Whether it’s getting catcalled or being told to smile, almost every woman deals with street harassment. But it took until this summer to stage the first-ever international conference on street harassment, which took place over the weekend of July 25th at New York University.
Grassroots anti-street-harassment group Hollaback organized the event, welcoming community organizers, nonprofit members, and just plain angry folks to share histories and to air out grievances about everyday sexual harassment.
It’s clear that at the end of the event that street harassment is all about ownership of space. Writer Tanisha Love Ramirez, for example, lamented the social anxiety she’s developed over the years, dealing with street harassment so often she became a recluse and stayed in the one space she knew she could control: “I didn’t want to go to the store, I didn’t want to go out and buy food… and I wouldn’t even go out with my friends or my own little brother. It just got so bad.”
To deal with street harassment, many of the speakers discussed creative ways to redefine public spaces to work for them, from speaking up calmly to taking up breakdancing.
That example comes from Rokafella, a Puerto Rican b-girl goddess, who said she started breakdancing to discourage dudes from bothering her while out. “I really like dancing, but I had problems at the club. [Men] wouldn’t let me dance!” she said. While speaking, she leaned back slowly, stood on her head and suddenly propelled her legs around her body, performing a Helicopter on stage. “You can’t grab my ass while I’m breakdancing,” she said, “Or I’ll kick you in the neck!”

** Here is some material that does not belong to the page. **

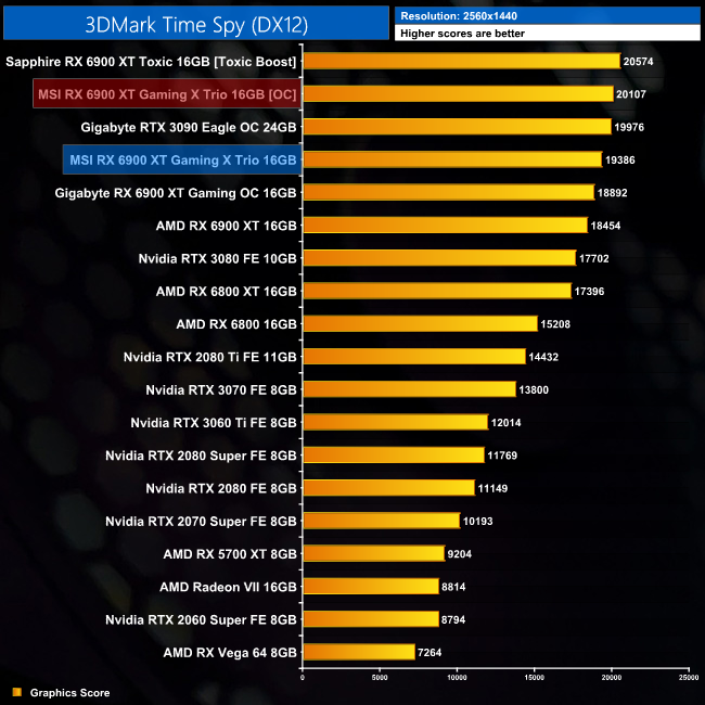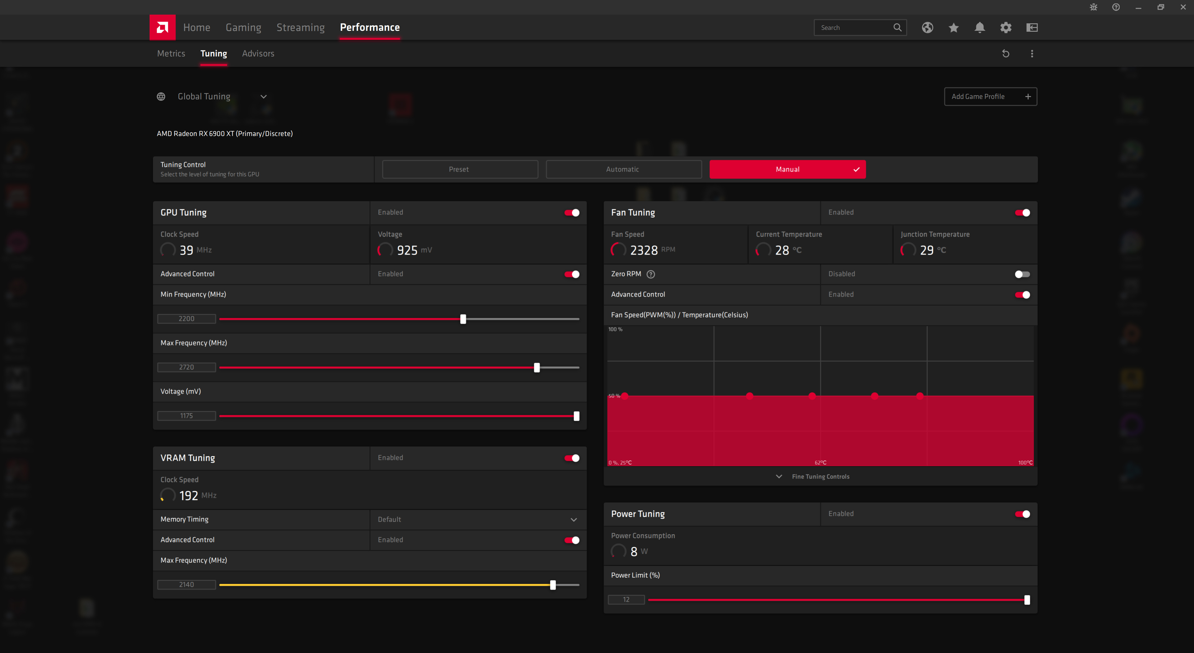 For our manual overclocking, we maximised the power limit (+12%) and set the GPU core to 2720MHz. We set the memory to 2140MHz as any further resulted in performance degradation.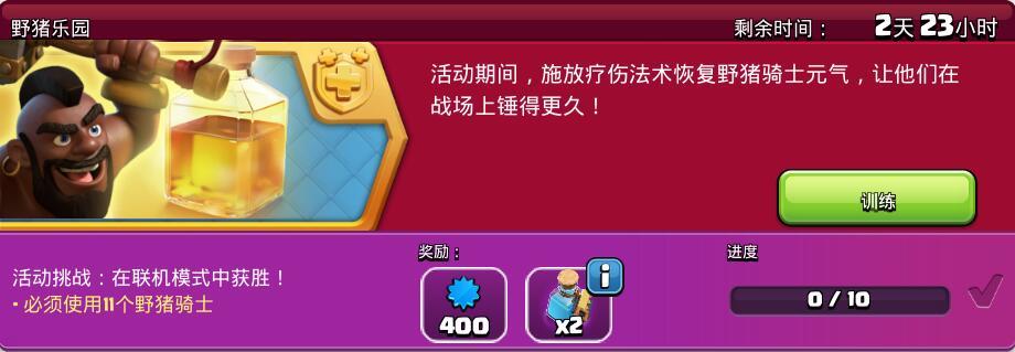 野猪乐园活动是部落冲突游戏内部的众多福利活动之一,活动期间内完成即可领取相应的活动奖励。

Nicola Briggs is a Tai Chi instructor who found internet fame after fighting back against a predator on the subway in 2010. After successfully humiliating her offender, she encourages all victims of street harassment to speak out without worrying about being polite. “Don’t let good manners ruin your day,” she said, “If someone crosses your boundaries, you can defend yourself… Even if you don’t do what I did, you did the right thing for you, by responding the way you did or didn’t.”
Jimmie Briggs, of the organization Man Up, recalled a time when he was out with his daughter and encountered a man publicly beating a woman. People passed through as though nothing was happening. Briggs, concerned about keeping his daughter safe, but also about setting a good example as a bystander, intervened. “Is there a problem here?” he asked calmly, creating space between the woman and the attacker. Bewildered, the aggressive man simply walked away.
Ryann Holmes from Bklyn Boihood brought the home a major point about redefining how masculinity is expressed in public space. Holmes, a queer woman of color who identifies as a boi (or as a queer person whose identity is on the masculine end of the spectrum), explained the ways in which street harassment has impacted her perception of gender and maleness. “We look for images to affirm our own masculinity,” she said, “Some are violent and fucked up. In hopes that these images are going to validate who we are, we [adopt] them.”
Many speakers stressed was that the root cause of street harassment is a violent form of masculinity, which often relies on the disrespect of women. But Holmes showed that the hostility behind street harassment is not just a problem coming from cisgender men. Some of my friends, queer men of color, have actually experienced much degrading harassment by white heterosexual women. “You look good for a Mexican,” said one woman, reaching for his hair. “Mmmm, nice legs,” purred an older woman into my friend’s ear in Union Square. And I often fear for my transgender friends who face harassment from people of all ages and genders.
While street harassment is no doubt about control of power and space more than it is about sexual attraction, it’s a behavior that exists to maintain other structures of power. It’s not as simple as men harassing women; it’s one’s special way to remind you who the bosses are in this world—and those bosses exist across gender, race and class lines.